KarenProf. Karen McAuliffe, University of Birmingham, UK

Bio: Professor Karen McAuliffe is a Professor of Law and Language, and a Birmingham Fellow, at the University of Birmingham School of Law, UK.  She is also a fellow of the Robert Schuman Institute of European Affairs at the University of Luxembourg.  Professor McAuliffe’s principle area of expertise is in the relationship between law and language and in particular the impact that multilingualism and translation can have on the development of EU and international law.  She has published extensively in the field of law and language and has led a number of large funded projects which scrutinise processes and procedures at the Court of Justice of the European Union, including the ERC-funded project: Law and Language a the European Court of Justice. Find out more about Professor McAuliffe’s research at: www.karenmcauliffe.com. 

Through the Lens of Language: the significance of language for Advocates General at the Court of Justice of the European Union.

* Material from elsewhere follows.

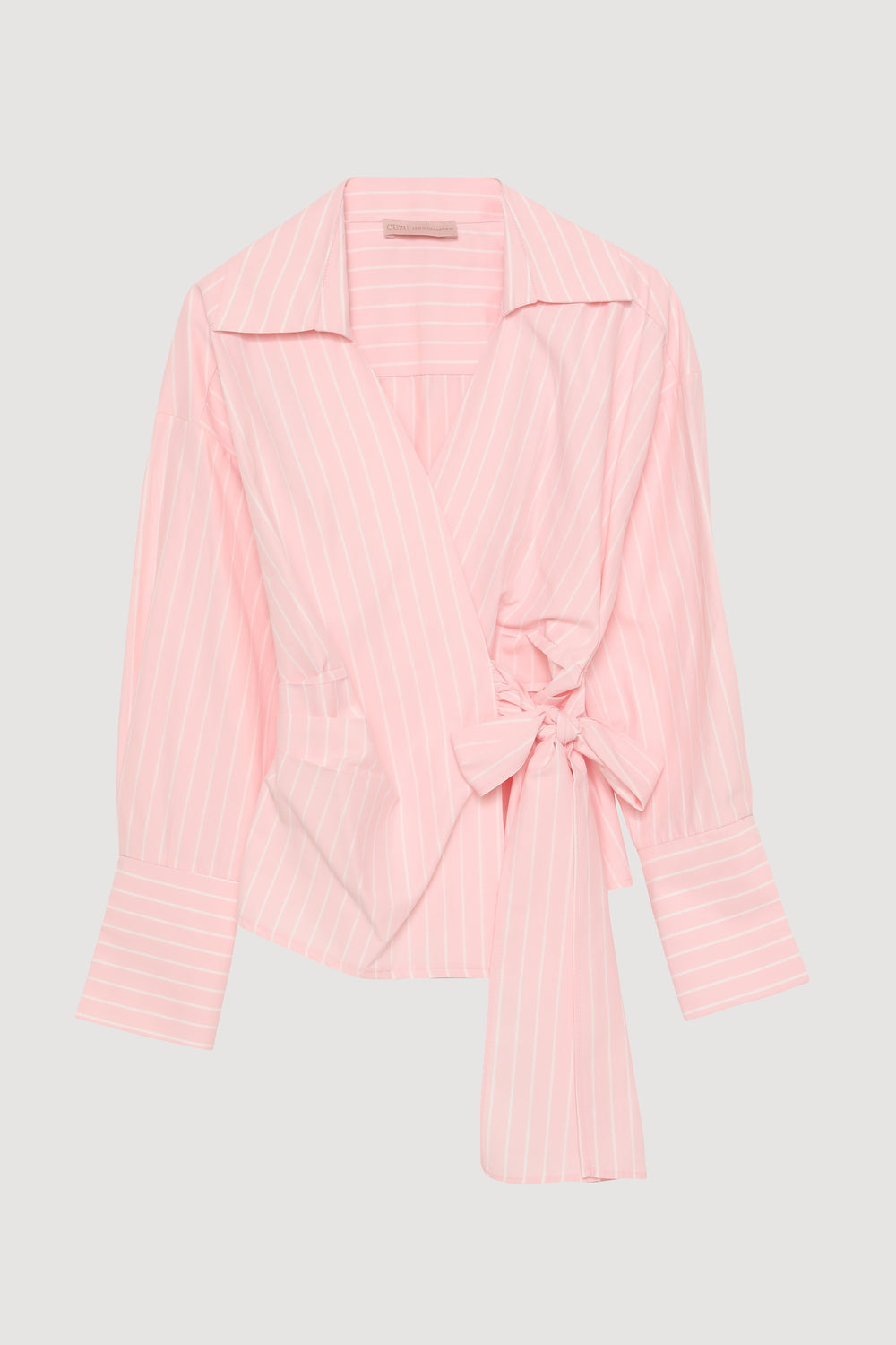 Gömlek yaka detaylı, yandan kuşak bağlamalı, kruvaze, uzun kollu,yandan drape detaylı, manşetli, çizgili bluz.

The EU legal order, with 24 official languages, integrated in 27 Member State legal systems, is linguistically, as well as substantively, unique. The question of language is particularly relevant in the context of the Court of Justice of the European Union (ECJ), which produces case law in up to 24 different languages, since it concerns not only abstract issues relating to the relationship between language and culture, and philosophy of language, but also the practical issue of translation. Taking language as the lens through which to study the workings of the ECJ and its jurisprudence can give us a far better understanding of how that court works and of the multi-layered nature of the jurisprudence that it produces. Addressing questions of the impact of language and multilingualism on the development of ECJ jurisprudence, and by extension on the EU legal order more generally, can us to gain a more holistic understanding of EU law at a meta-level, as well as a fresh perspective on the application of that law across Member States.  This plenary will focus specifically on the significance of language for Advocates General (AGs) at the ECJ, and consider the implications that changes related to the linguistic aspect of their role may have for the construction and consolidation of ECJ jurisprudence, and, by extension, on the general formation and application of EU law.

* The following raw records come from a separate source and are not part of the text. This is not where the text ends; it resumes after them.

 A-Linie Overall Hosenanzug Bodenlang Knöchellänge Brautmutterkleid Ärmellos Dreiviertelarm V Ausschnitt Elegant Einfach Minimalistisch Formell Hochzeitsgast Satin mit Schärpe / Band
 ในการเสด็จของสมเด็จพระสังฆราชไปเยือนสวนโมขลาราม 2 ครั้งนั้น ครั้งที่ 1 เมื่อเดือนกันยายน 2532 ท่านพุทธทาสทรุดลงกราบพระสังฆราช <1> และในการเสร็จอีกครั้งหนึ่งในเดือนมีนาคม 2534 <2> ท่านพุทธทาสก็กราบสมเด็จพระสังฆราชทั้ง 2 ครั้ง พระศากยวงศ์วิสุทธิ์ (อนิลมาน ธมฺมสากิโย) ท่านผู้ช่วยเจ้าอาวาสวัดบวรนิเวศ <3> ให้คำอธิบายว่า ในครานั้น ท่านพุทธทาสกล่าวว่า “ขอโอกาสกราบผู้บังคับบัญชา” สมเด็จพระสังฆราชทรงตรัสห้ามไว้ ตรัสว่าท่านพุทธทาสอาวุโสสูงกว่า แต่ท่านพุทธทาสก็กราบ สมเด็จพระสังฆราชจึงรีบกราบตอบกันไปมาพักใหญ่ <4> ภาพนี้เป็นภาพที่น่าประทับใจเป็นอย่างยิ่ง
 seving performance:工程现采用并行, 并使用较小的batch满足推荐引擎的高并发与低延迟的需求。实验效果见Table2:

IsabelDr Isabell Picornell, QED Ltd. and Aston University, UK

Bio: Isabel Picornell, PhD CFE, Isabel is a consultant forensic linguist and Director of QED Limited, providing forensic linguistic services to the corporate, investigative, and intelligence sectors. She holds a PhD in Forensic Linguistics from Aston University (UK) and is currently a Visiting Research Fellow at the Aston Institute for Forensic Linguistics with a research interest is authorship and deception in faked contexts. Isabel is Vice President of the International Association of Forensic Linguists (IAFL), a member of the Germanic Society for Forensic Linguistics (GSFC), and a Certified Fraud Examiner (ACFE). 

IAFL at 30: where we are, and where do we go from here?

The International Association of Forensic Linguists is on the cusp of turning 30 years old.  In that time, Forensic Linguistics has become much more popular, research has flourished, and the Association has grown tenfold. However, this success has raised questions about our identity today: What is ‘Forensic Linguistics’; and, what does it really mean to be a ‘forensic linguist’. Looking forward, where does the Association fit in addressing issues of research and professionalism in practice in the years to come? In this plenary talk, I present my own thoughts on these issues and a vision for the future of the Association.